• _EXERCISE GOAL_:
In the material below, the lines from the one containing "İnşaat üretim endeksi" through the one containing "Via the stairs" are to be given again exactly, ends included, and no others.

• _EXERCISE MATERIAL_:
■ ■ ■ ■ ■

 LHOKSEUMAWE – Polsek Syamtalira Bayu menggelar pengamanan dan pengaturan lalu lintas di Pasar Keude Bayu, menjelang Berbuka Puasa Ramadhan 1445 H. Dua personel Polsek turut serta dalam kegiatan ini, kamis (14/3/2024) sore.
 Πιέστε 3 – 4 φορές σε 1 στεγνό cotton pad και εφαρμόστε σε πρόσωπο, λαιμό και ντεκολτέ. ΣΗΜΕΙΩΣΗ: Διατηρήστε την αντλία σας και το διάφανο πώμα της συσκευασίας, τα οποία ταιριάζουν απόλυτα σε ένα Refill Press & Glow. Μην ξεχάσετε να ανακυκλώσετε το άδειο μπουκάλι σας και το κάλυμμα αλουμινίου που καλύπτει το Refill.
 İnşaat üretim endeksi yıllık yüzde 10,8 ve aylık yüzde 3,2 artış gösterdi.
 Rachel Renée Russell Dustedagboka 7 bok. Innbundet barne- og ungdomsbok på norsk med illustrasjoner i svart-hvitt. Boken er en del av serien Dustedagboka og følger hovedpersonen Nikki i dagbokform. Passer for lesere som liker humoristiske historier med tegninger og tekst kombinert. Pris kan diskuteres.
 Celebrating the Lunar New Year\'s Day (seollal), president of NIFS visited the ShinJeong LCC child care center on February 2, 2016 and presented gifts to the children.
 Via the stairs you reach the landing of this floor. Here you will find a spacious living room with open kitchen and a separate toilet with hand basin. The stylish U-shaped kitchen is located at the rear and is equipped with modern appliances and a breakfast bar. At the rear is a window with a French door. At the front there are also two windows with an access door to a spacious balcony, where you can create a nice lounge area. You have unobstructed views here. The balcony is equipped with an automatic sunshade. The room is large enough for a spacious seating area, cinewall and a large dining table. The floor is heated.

■ ■ ■ ■ ■

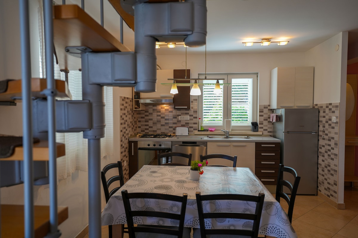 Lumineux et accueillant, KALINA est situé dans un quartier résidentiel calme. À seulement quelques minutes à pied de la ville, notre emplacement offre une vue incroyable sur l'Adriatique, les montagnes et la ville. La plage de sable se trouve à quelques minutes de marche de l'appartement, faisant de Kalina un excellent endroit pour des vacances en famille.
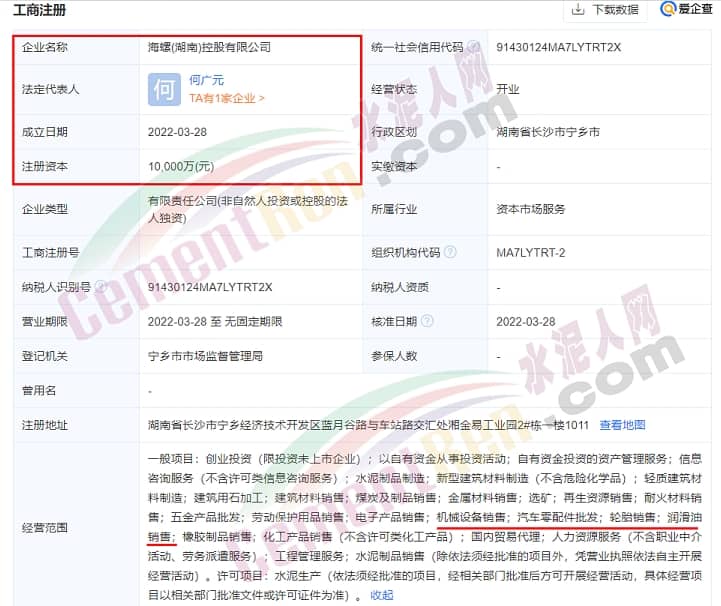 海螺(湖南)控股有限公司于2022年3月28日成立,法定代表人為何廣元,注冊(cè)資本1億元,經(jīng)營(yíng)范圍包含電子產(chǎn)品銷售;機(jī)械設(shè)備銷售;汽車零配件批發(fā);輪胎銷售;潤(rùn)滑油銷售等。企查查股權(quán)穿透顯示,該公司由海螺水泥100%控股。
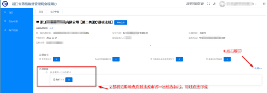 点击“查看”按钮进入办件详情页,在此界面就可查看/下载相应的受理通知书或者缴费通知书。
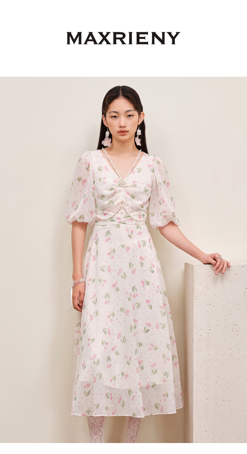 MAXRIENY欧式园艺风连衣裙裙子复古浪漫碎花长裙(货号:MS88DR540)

■ ■ ■ ■ ■

• _RESULT FOR THIS EXERCISE_:
 İnşaat üretim endeksi yıllık yüzde 10,8 ve aylık yüzde 3,2 artış gösterdi.
 Rachel Renée Russell Dustedagboka 7 bok. Innbundet barne- og ungdomsbok på norsk med illustrasjoner i svart-hvitt. Boken er en del av serien Dustedagboka og følger hovedpersonen Nikki i dagbokform. Passer for lesere som liker humoristiske historier med tegninger og tekst kombinert. Pris kan diskuteres.
 Celebrating the Lunar New Year\'s Day (seollal), president of NIFS visited the ShinJeong LCC child care center on February 2, 2016 and presented gifts to the children.
 Via the stairs you reach the landing of this floor. Here you will find a spacious living room with open kitchen and a separate toilet with hand basin. The stylish U-shaped kitchen is located at the rear and is equipped with modern appliances and a breakfast bar. At the rear is a window with a French door. At the front there are also two windows with an access door to a spacious balcony, where you can create a nice lounge area. You have unobstructed views here. The balcony is equipped with an automatic sunshade. The room is large enough for a spacious seating area, cinewall and a large dining table. The floor is heated.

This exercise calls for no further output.